» WHAT THE TASK ASKS
Leave out the pictures and retype, exactly, the lines below from the line with "POLYMETAL GREY METALLIC PAINT" up to and including the line with "Warranty: 5-year Limited", nothing more.

Segment Start: SUPPLIED ENTRIES

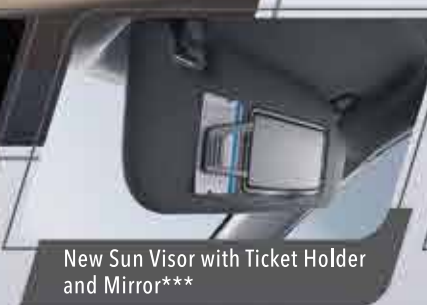
New Sun Visor with Ticket Holder and Mirror***
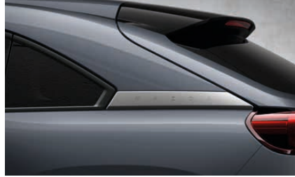
POLYMETAL GREY METALLIC PAINT
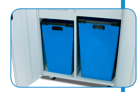
Lifetime guaranteed waste bins made of heavy-duty molded plastic
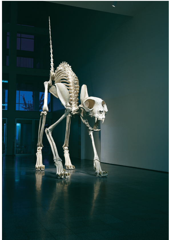
Maurizio Cattelan, Felix , 2001 Oil on polyvinyl resin, fibreglass and steel, 792 x 182 x 610 cm
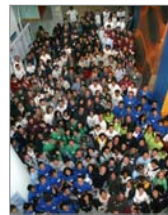
Figure 2. Some of the 350 student participants at the 2006 iGEM competition.

At the start of each competition, which runs from May to November, teams are provided with a distribution of available parts from the Registry of Standard Biology Parts (the Registry), as well as access to online resources describing their specifications, use, and end-user experiences. Teams use these parts to create biological machines of their own design. If necessary, new parts can be created using BioBrick design rules. Competition rules dictate that data and new parts be deposited in the Registry, creating a positive feedback loop. Teams seek independent funding, distributing operational costs.
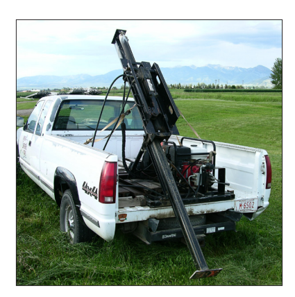
Figure 2. Soil sampling vehiclemounted hydraulic probe.
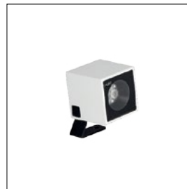
1.8" (6W) Fixed

Warranty: 5-year Limited Warranty on fixtures. 1-year Limited Warranty on Remote Drivers.
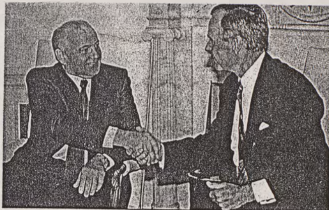
George Bush and Mikhail Gorbachev both want to impose on all of us the one world government New World Order. Read this article to find out how terrible that is.

The proliferation of extraordinary computer technology and other high tech devices is making it possible for a socialistic US government to monitor all aspects (financial and personal) of the American peoples' lives, to abolish privacy, and within a very few years to totally control the people.
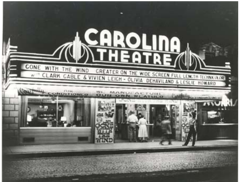
The Carolina Theater, now the Stevens Center, was the finest theater in the city at this time.
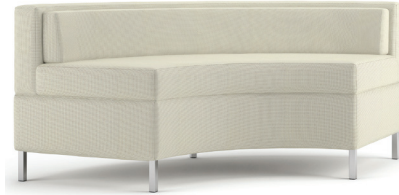
FA 1/4 Circle
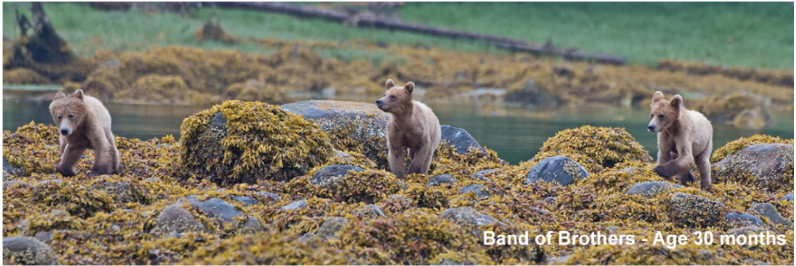
Band of Brothers - Age 30 months

They were all still together and doing well having recently left their mother. It is always special to see the same bears year after year, but three cubs having all made it to this important stage of their lives is very rare.

Segment End: SUPPLIED ENTRIES

» RESPONSE
POLYMETAL GREY METALLIC PAINT
Lifetime guaranteed waste bins made of heavy-duty molded plastic
Maurizio Cattelan, Felix , 2001 Oil on polyvinyl resin, fibreglass and steel, 792 x 182 x 610 cm
Figure 2. Some of the 350 student participants at the 2006 iGEM competition.

At the start of each competition, which runs from May to November, teams are provided with a distribution of available parts from the Registry of Standard Biology Parts (the Registry), as well as access to online resources describing their specifications, use, and end-user experiences. Teams use these parts to create biological machines of their own design. If necessary, new parts can be created using BioBrick design rules. Competition rules dictate that data and new parts be deposited in the Registry, creating a positive feedback loop. Teams seek independent funding, distributing operational costs.
Figure 2. Soil sampling vehiclemounted hydraulic probe.
1.8" (6W) Fixed

Warranty: 5-year Limited Warranty on fixtures. 1-year Limited Warranty on Remote Drivers.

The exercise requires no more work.